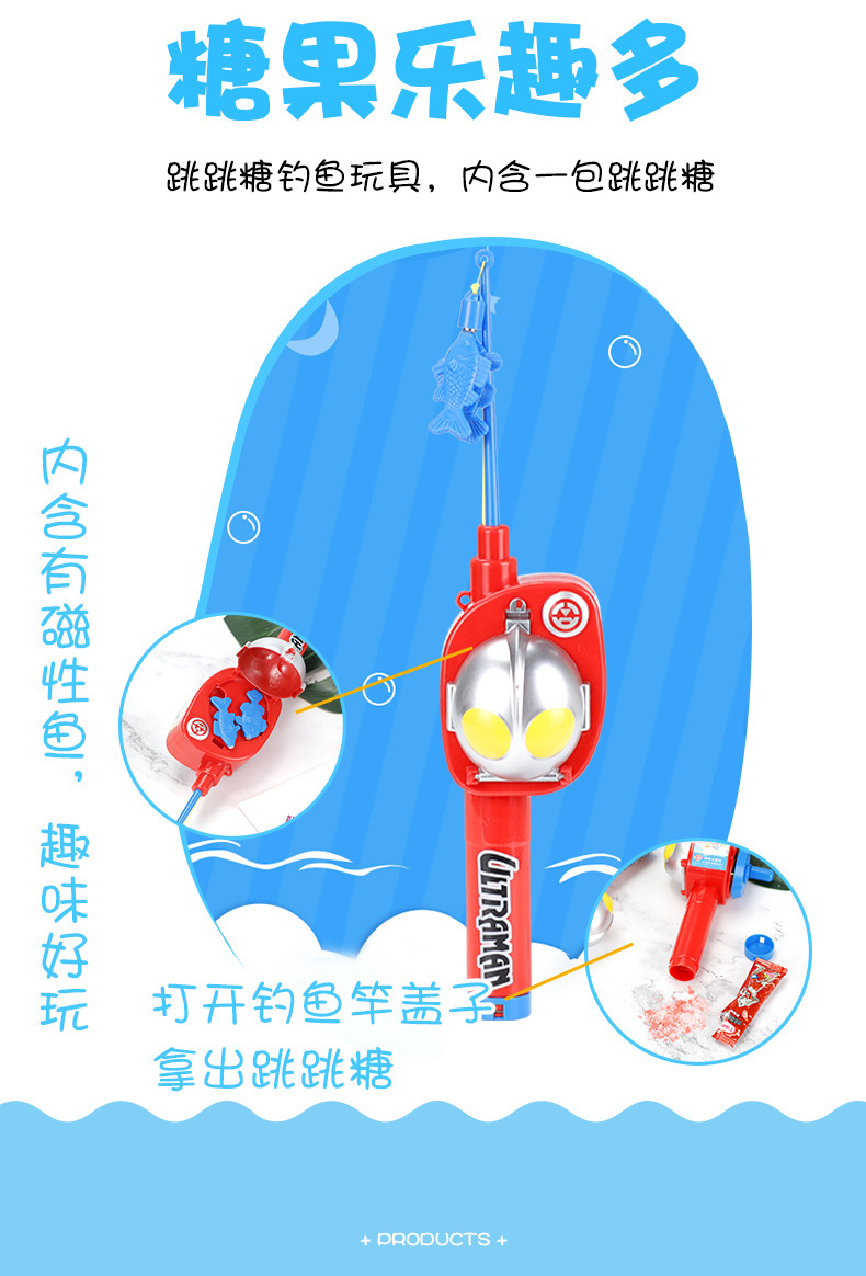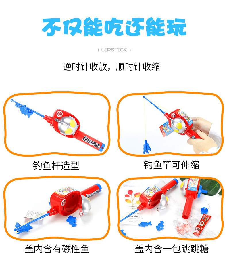 陈瑞武:金稻谷奥特曼钓鱼竿玩具糖果创意益智过家家糖玩网红儿童休闲零食
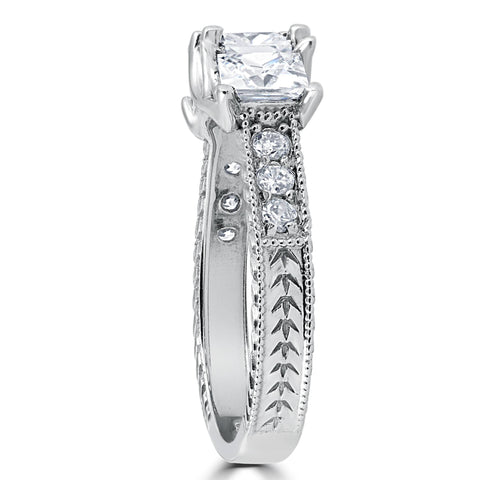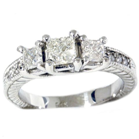1 3/4ct Vintage Three Stone Diamond Ring 14K White Gold
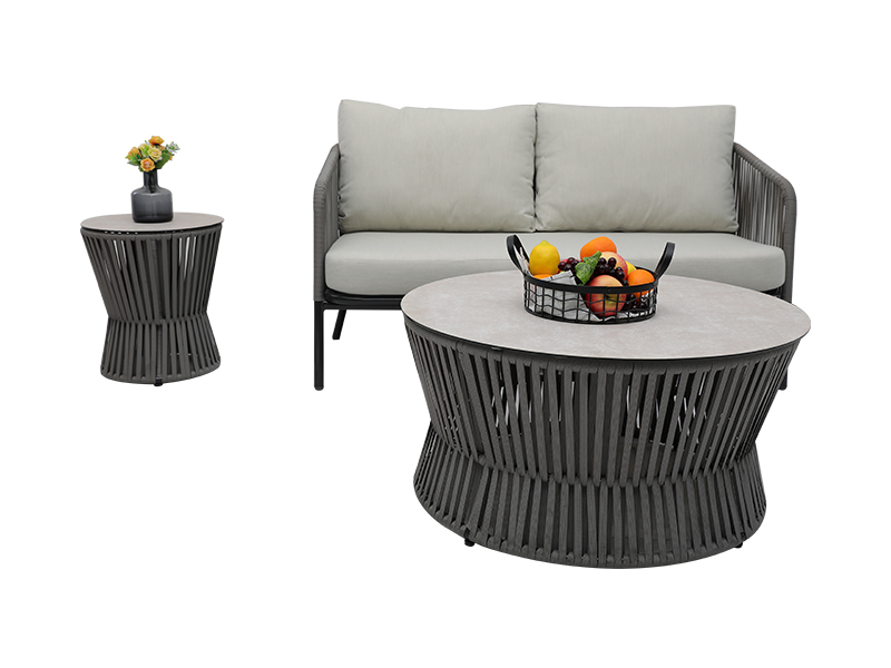 | Pagtukoy | Ang frame ng aluminyo na may flat lubid na weaved, 10cm upuan unan na may espongha sa loob, likod ng unan na may pagpuno ng hibla sa loob, 230g/m2 polyester cushion na tela; solong upuan: l82*w75*h69cm, 2pcs; Loveseat Chair: L82*W142*H69cm, 1pc; Talahanayan ng Kape: ∮85*H43cm, 6mm Glass Batay sa mga keramika; Side Table: ∮42*H48cm, 6mm glass batay sa mga keramika |

════════

WHAT YOU NEED TO DO
Exactly repeat the material from its first line through the line with "1 3/4ct Vintage", including both, and leave the pictures and everything else out.

EXERCISE OUTPUT
 陈瑞武:金稻谷奥特曼钓鱼竿玩具糖果创意益智过家家糖玩网红儿童休闲零食
1 3/4ct Vintage Three Stone Diamond Ring 14K White Gold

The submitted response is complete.